How I created a classifier to determine the potential popularity of a song.

A tool that helps musicians succeed.

According to my perspective I saw many musicians, may it be a band or an individual, do not achieve their desired status in the society in terms of popularity while few dominate the music industry.Therefore, my efforts were to develop a system where each music enthusiast who is interested in displaying their unique talent via song(s) receives the ability to assess the potential popularity they are likely to receive from the audience.

The popularity is linked to a rating which depends on music audience preference.There will be three rating classes which will be labelled as excellent ,moderate and poor. Therefore a higher rating(excellent) suggest a popularity similar to other highly rated songs among music audience and vice versa.while the moderate hold tracks in between the above two.

Tensorflow- a popular machine learning library

Pandas — a data handling and manipulation library for python

Librosa -a music and audio analysis tool

scikit-learn- another machine learning library(a high-level API)

numpy- a handy tool for performing matrix(2d arrays) operations efficiently

os-handling file system related operations

CatBoost-a library that facilitates the implementation of boosted trees with less over-fitting

XGBoost- a gradient boosting algorithm

We will need a dataset to work with which we need to hand craft as I will be using Sinhala songs since Sinahala is my native language as well as there’s less research done based on those .currently there is no dataset to be found pertaining to a Sinhala songs.Thus the need for creating one.our task will be a classification task which adopts a supervised learning approach.We will be primarily focusing on neural networks as our classification algorithm .To be specific we will be using a multi layer neural network implemented using tensorflow.We will also be laying down a comparison of the results obtained by using many techniques under the results section.

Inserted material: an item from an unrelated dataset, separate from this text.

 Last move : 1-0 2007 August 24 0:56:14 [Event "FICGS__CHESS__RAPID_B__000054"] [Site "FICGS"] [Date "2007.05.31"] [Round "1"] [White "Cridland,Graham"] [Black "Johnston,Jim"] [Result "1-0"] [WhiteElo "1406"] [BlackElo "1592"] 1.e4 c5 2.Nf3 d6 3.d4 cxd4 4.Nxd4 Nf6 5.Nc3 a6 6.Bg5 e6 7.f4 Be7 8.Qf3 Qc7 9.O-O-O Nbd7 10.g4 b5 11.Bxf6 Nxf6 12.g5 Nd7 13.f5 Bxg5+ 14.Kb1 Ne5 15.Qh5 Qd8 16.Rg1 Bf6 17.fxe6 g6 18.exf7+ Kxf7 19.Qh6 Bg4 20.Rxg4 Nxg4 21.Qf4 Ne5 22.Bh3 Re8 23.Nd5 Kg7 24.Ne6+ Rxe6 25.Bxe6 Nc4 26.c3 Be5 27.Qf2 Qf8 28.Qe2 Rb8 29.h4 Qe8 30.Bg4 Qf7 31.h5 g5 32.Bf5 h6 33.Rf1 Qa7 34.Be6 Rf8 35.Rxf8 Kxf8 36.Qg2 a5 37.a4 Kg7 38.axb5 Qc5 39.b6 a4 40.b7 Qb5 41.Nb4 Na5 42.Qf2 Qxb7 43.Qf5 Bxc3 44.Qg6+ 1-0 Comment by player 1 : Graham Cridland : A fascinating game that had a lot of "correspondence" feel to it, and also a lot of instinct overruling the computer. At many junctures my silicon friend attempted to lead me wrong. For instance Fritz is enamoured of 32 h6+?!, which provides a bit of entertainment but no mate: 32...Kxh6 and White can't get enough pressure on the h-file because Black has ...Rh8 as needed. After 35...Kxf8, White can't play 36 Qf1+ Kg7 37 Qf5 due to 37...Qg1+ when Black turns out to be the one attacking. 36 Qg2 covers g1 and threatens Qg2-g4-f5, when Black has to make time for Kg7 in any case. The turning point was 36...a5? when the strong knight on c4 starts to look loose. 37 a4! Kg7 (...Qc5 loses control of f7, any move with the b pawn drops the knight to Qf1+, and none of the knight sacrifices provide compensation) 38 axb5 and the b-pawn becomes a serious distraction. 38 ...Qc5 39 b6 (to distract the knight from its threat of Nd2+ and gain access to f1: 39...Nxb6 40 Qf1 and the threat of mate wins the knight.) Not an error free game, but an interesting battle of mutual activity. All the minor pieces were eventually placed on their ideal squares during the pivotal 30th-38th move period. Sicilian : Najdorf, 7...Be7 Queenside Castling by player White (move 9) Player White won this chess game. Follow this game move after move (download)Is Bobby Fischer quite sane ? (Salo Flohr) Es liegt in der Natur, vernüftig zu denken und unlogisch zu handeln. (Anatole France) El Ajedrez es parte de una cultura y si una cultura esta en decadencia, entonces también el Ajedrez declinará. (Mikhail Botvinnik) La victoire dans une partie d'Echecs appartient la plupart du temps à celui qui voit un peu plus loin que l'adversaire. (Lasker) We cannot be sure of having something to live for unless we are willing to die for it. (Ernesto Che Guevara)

When developing our solution we considered various approaches to choose the best one.The comparison of the performance of each approach can be found under the results section.The following implementations were considered .

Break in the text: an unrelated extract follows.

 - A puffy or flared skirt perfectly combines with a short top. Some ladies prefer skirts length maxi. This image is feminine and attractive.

1.Vanilla neural networks(multi layer neural network)

2.Ensemble technique(Random forest)

3.Boosting (XGboost,CatBoost)

4.Stacking(2 base learners ,1 meta learner)

Creating the dataset

We will extract three meaningful features for each song,from a 8000+ music repository using librosa.The three features will be tempo(beats per minute),Mel Frequency Cepstral Co-efficients(mimics some parts of the human speech production and speech perception ) and the harmonic element(the harmonic component within an audio signal). The reason of using these three features are because they are considered to be high level features of music and high level features have proven to be more determinant factors of preference by audience since they capture the characteristics the audience value most.Next we need to label this dataset.For this we use K-means clustering to cluster the data points in to three clusters which equal to the number of rating classes.Here we assume the songs with similar characteristics generates produce feature values close to each other, therefore when calculating the distance measure to determine the cluster that the data points belong to, the distances for data points that have similar rating will have minor differences.Thus falling to the same cluster. After the labels were determined the the features and labels were merged to create the dataset.

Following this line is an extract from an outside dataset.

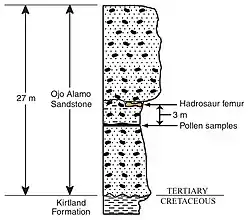 - 1 2 J.E. Fassett; S.G. Lucas; R.A. Zielinski; J.R. Budahn (May 2001). SG Lucas; RA Zielinski; JR Budahn (eds.). Compelling new evidence for Paleocene dinosaurs in the Ojo Alamo Sandstone, San Juan Basin, New Mexico and Colorado, USA, In: Catastrophic events and mass extinctions, Lunar and Planetary Contribution (PDF). 1053. pp. 45–6. Bibcode:2001caev.conf.3139F. Retrieved 2014-08-29.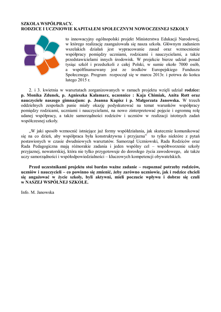 SZKOŁA WSPÓŁPRACY. RODZICE I UCZNIOWIE KAPITAŁEM SPOŁECZNYM NOWOCZESNEJ SZKOŁY to innowacyjny ogólnopolski projekt Ministerstwa Edukacji Narodowej, w którego realizację zaangażowała się nasza szkoła. Głównym zadaniem wszelakich działań jest wypracowanie zasad oraz wzmocnienie współpracy pomiędzy uczniami, rodzicami i nauczycielami, a także przedstawicielami innych środowisk. W projekcie bierze udział ponad tysiąc szkół i przedszkoli z całej Polski, w sumie około 7000 osób, a współfinansowany jest ze środków Europejskiego Funduszu Społecznego. Program rozpoczął się w marcu 2013r. i potrwa do końca lutego 2015 r. 2. i 3. kwietnia w warsztatach zorganizowanych w ramach projektu wzięli udział rodzice: p. Monika Zdunek, p. Agnieszka Kalamarz, uczennice : Kaja Chimiak, Anita Rott oraz nauczyciele naszego gimnazjum: p. Joanna Kupisz i p. Małgorzata Janowska. W trzech oddzielnych zespołach panie miały okazję podyskutować na temat warunków współpracy pomiędzy rodzicami, uczniami i nauczycielami, na nowo zinterpretować pojęcie i ogromną rolę udanej współpracy, a także samorządności rodziców i uczniów w realizacji istotnych zadań współczesnej szkoły. „W jaki sposób wzmocnić istniejące już formy współdziałania, jak skutecznie komunikować się na co dzień, aby współpraca była konstruktywna i przyjazna” to tylko niektóre z pytań postawionych w czasie dwudniowych warsztatów. Samorząd Uczniowski, Rada Rodziców oraz Rada Pedagogiczna mają różnorakie zadania i jeden wspólny cel – współtworzenie szkoły przyjaznej, nowatorskiej, która nie tylko przygotowuje do dorosłego życia zawodowego, ale także uczy samorządności i współodpowiedzialności – kluczowych kompetencji obywatelskich. Przed uczestnikami projektu stoi bardzo ważne zadanie – rozpoznać potrzeby rodziców, uczniów i nauczycieli – co powinno się zmienić, żeby zarówno uczniowie, jak i rodzice chcieli się angażować w życie szkoły, byli aktywni, mieli poczucie wpływu i dobrze się czuli w NASZEJ WSPÓLNEJ SZKOLE. Info. M. Janowska

The cluster labels will be assigned random whole numbers between 0 and number of clusters -1 to the three clusters.These labels 0,1 and 2 are just notations that separate the three clusters and therefore have no numeric representation.Therefore if someone needs to identify which label is excellent ,moderate and poor to assess where they stand .They will have to define success in terms of their perspective.The reason for this is the subjective nature of music from person to for instance if I want to assess my song relative to what I see as a popular song.I have to first choose three song which I perceive as excellent,moderate and poor and extract the features of those songs and give them to the system and obtain the rating/label for those songs.Now since I know what the labels mean from my perspective I can give my creation to the system and obtain the label/rating for it and compare where I stand.

Data preprocessing

The LabelBinerizer() in sklearn has been used to create the equivalent one-hot encoding on labels.

StandardScaler() is used to standardize data to a common Gaussian distribution with a mean of zero and a standard deviation of one.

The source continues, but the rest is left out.